WHAT NEEDS TO BE DONE:
Below are the records. Retype, exactly, the lines from the first through the line with "adversarial quantization (ZAQ)", and leave out the pictures.

== Segment start ==

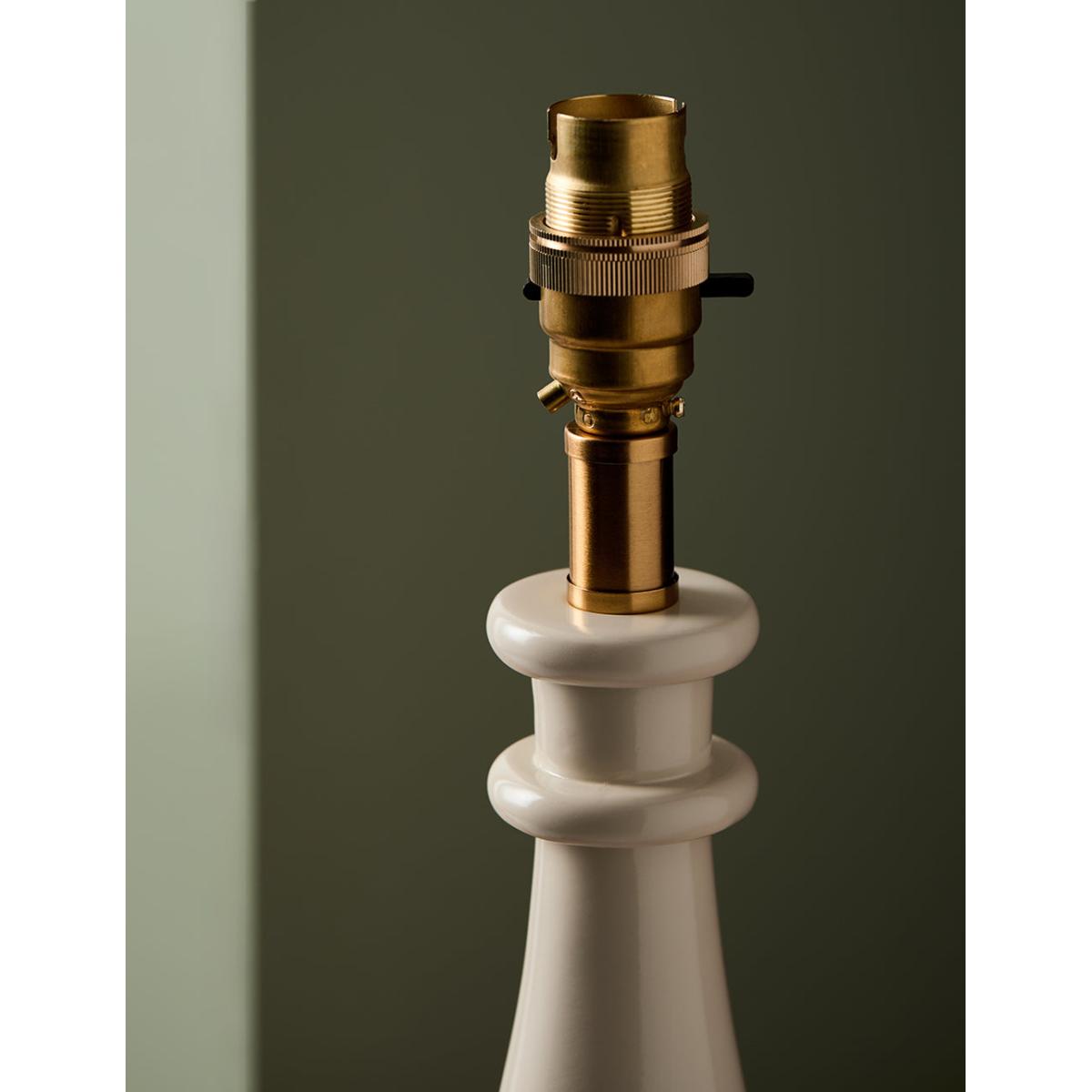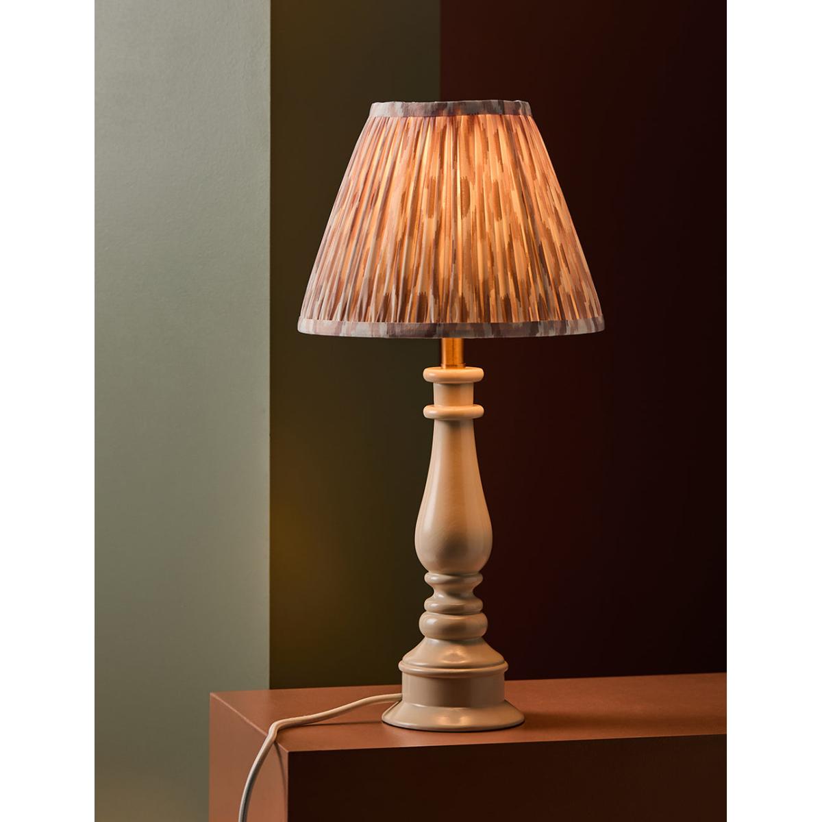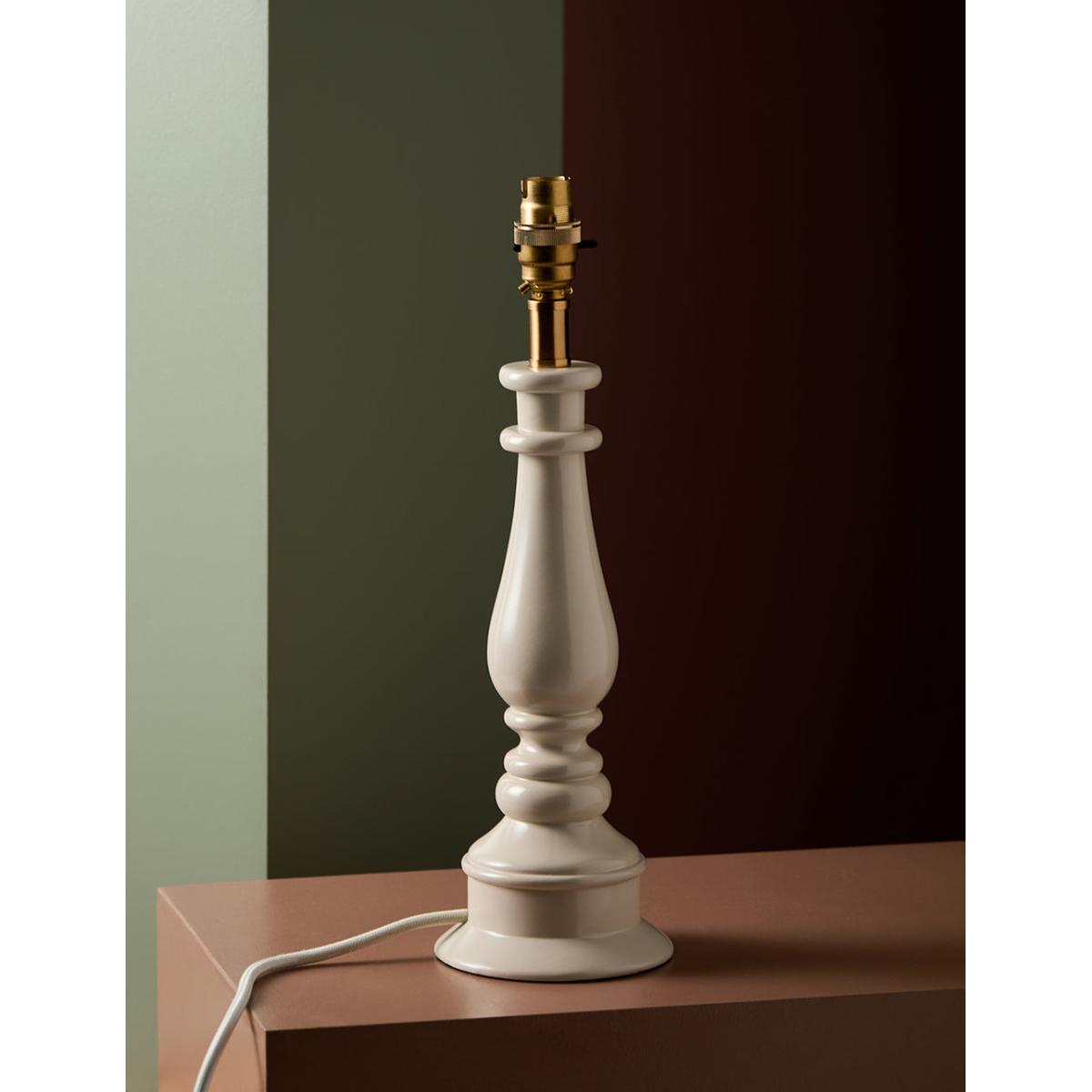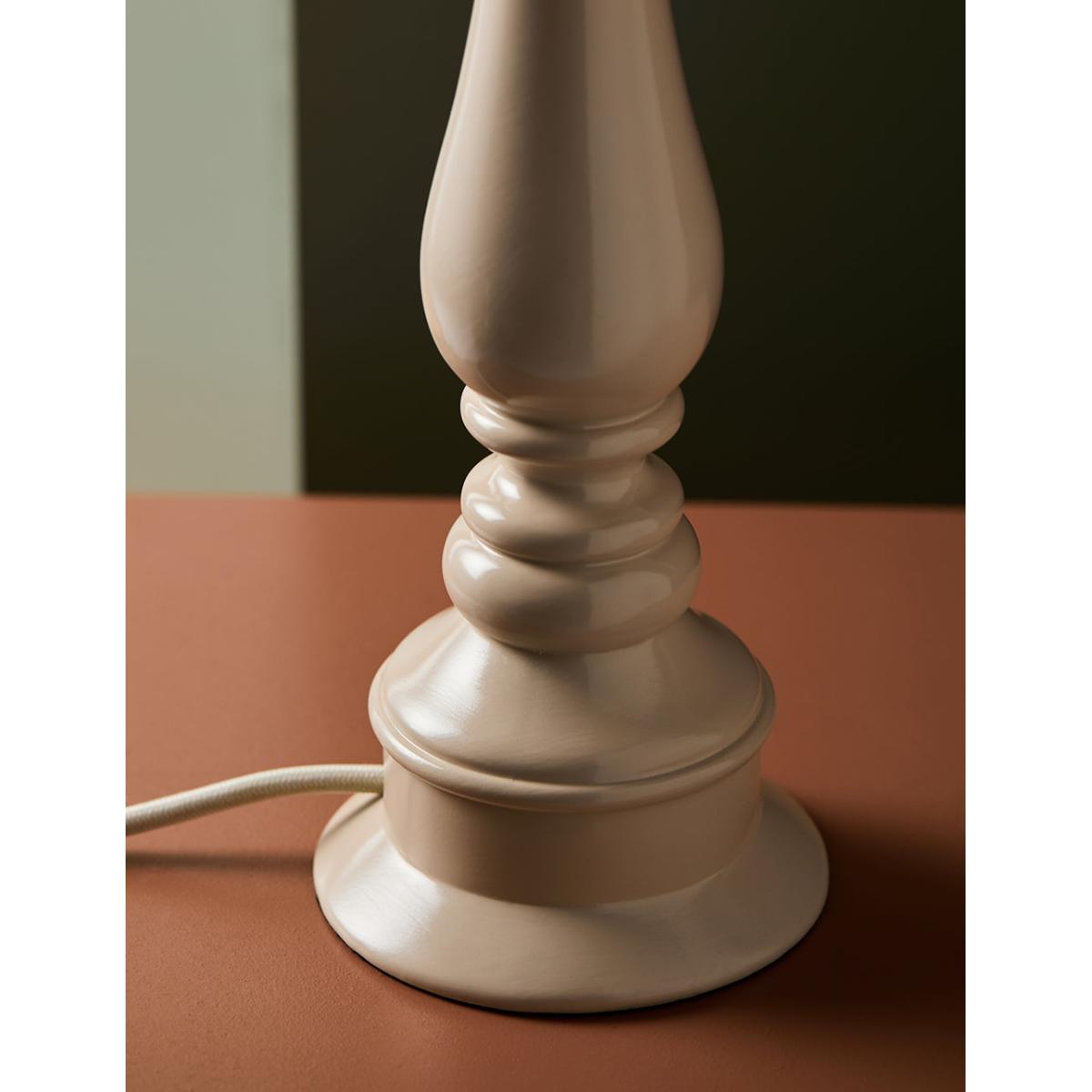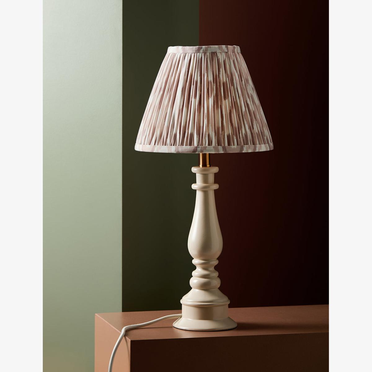A painted turned lamp in a soft chalky white. It's coordinating cable and glossy finish makes this a really charming piece. Lovely with a matching OR contrast shade and would make a superb bedside lamp. Styled here with our Ida Ikat Print Shade in Natural Medium A painted lamp base in a chalky white colour.
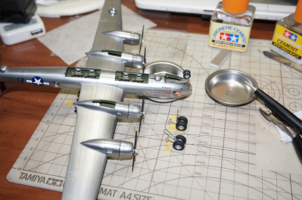 車輪の取り付け。この時になってから、機首の重りが足りなかったこと
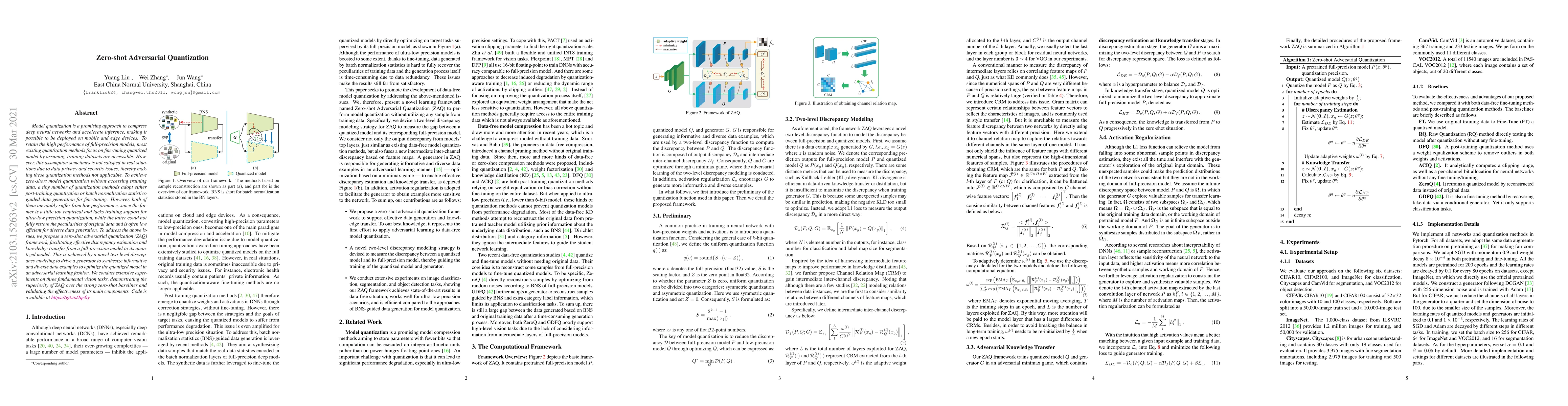 adversarial quantization (ZAQ) framework, facilitating effective discrepancy
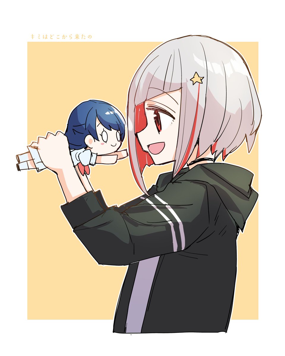 1girl :d black_choker black_jacket blue_dress blue_hair character_doll choker commentary_request diagonal_bangs doll dress from_side grey_hair hair_ornament hasu_no_sora_school_uniform highres hood hood_down hooded_jacket jacket kanduki_kamibukuro link!_like!_love_live! love_live! multicolored_hair murano_sayaka neckerchief nesoberi official_alternate_costume open_clothes open_jacket open_mouth profile puffy_short_sleeves puffy_sleeves red_eyes red_hair red_neckerchief school_uniform shirt short_hair short_sleeves smile solo star_(symbol) star_hair_ornament streaked_hair summer_uniform three-quarter_sleeves translation_request virtual_youtuber white_shirt yugiri_tsuzuri yugiri_tsuzuri_(summer_loungewear)
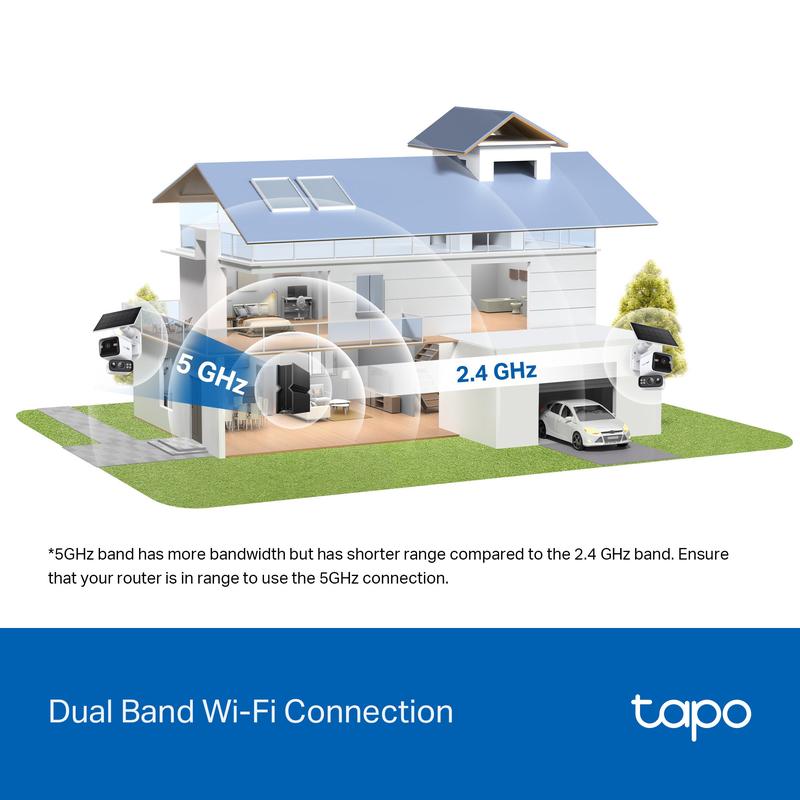 ·Dual-Band Wi-Fi Connectivity - The Tapo C645D supports both 5 GHz and 2.4 GHz Wi-Fi bands for speed and range flexibility. The 5 GHz connection offers faster connections at shorter distances while the 2.4 GHz connection provides a longer range.
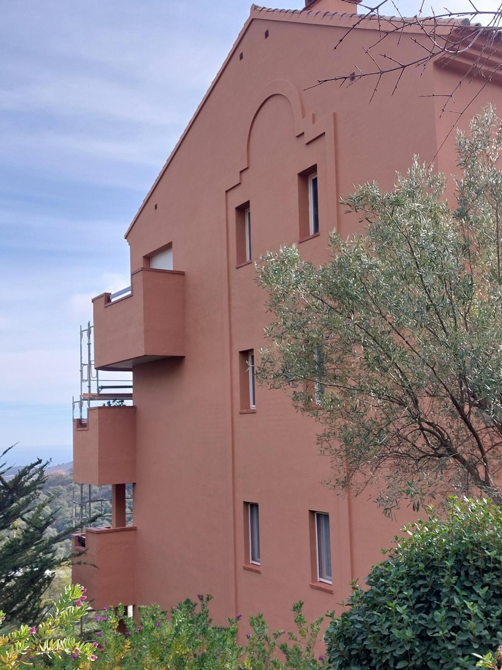 Rehabilitación de Comunidad de Propietarios de 14.000 m2 Paramentos exteriores en entorno rural, enfoscado general de revoco, Vaciado y condenado de jardineras, Bajo Prescripción Técnica, y en sintonía con la Dirección de Obra, Hicimos este proyecto de envergadura, mediante andamios, y técnicas verticales, de 15 meses de duración, para la obtención de la garantía 10C RENOVA como aplicadores homologados por PROCOLOR,
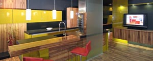 Sestavu ještě oživuje velká vestavěná skříň, jejíž dvířka jsou z barveného metakrylátu v hliníkovém rámečku. Takto barevně vyladěná sestava do prostoru pěkně zapadá a vynikne i díky šedě a černě vymalovaným stěnám. Vše ještě doplňují spotřebiče v nerezovém provedení. |
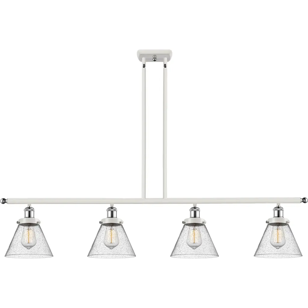 Ballston Large Cone 4 Light 48 Inch Polished Chrome Island Light Ceiling Light In Seedy Glass, Ballston
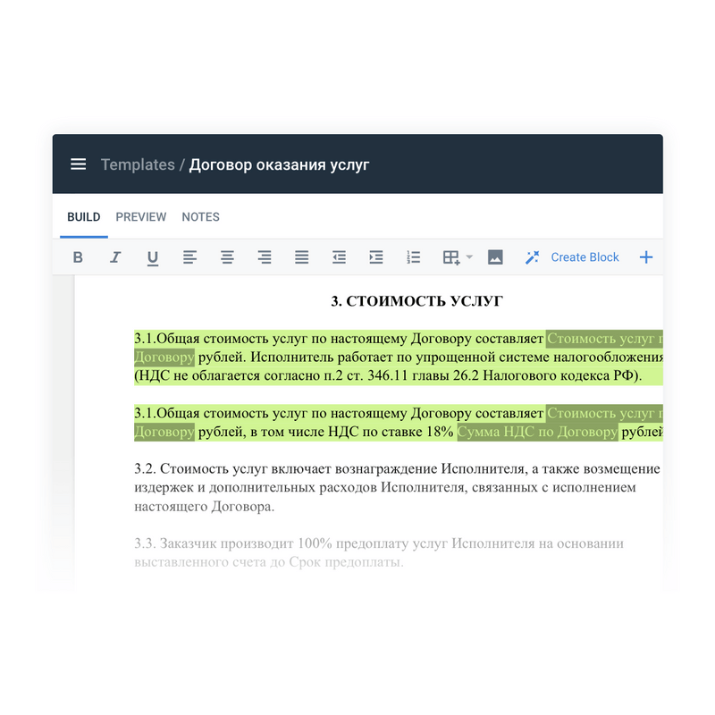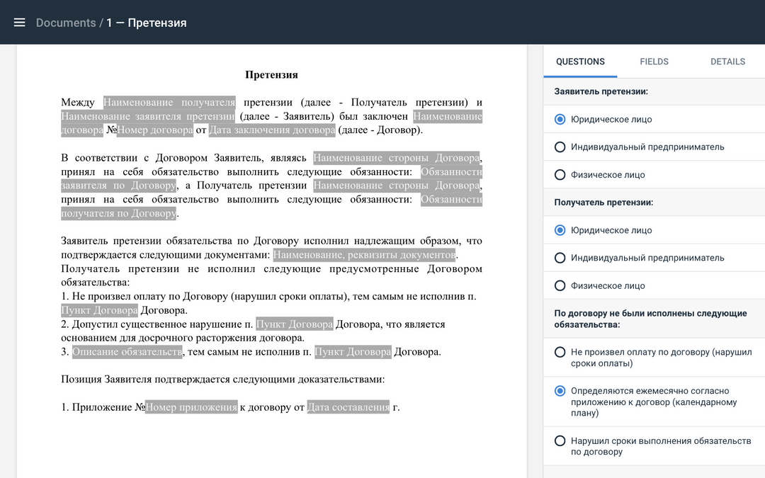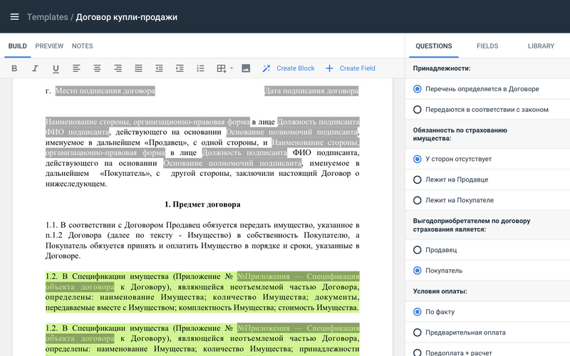 Сервис позволяет снизить нагрузку на юристов по подготовке и проверке типовых договоров и сэкономить до 60% времени для решения действительно сложных задач. Большинство шаблонов можно сделать универсальными, чтобы на их основе любой сотрудник компании мог самостоятельно создать грамотный типовой документ за 1 минуту.

== Segment end ==

WRITTEN SOLUTION:
A painted turned lamp in a soft chalky white. It's coordinating cable and glossy finish makes this a really charming piece. Lovely with a matching OR contrast shade and would make a superb bedside lamp. Styled here with our Ida Ikat Print Shade in Natural Medium A painted lamp base in a chalky white colour.
 車輪の取り付け。この時になってから、機首の重りが足りなかったこと
 adversarial quantization (ZAQ) framework, facilitating effective discrepancy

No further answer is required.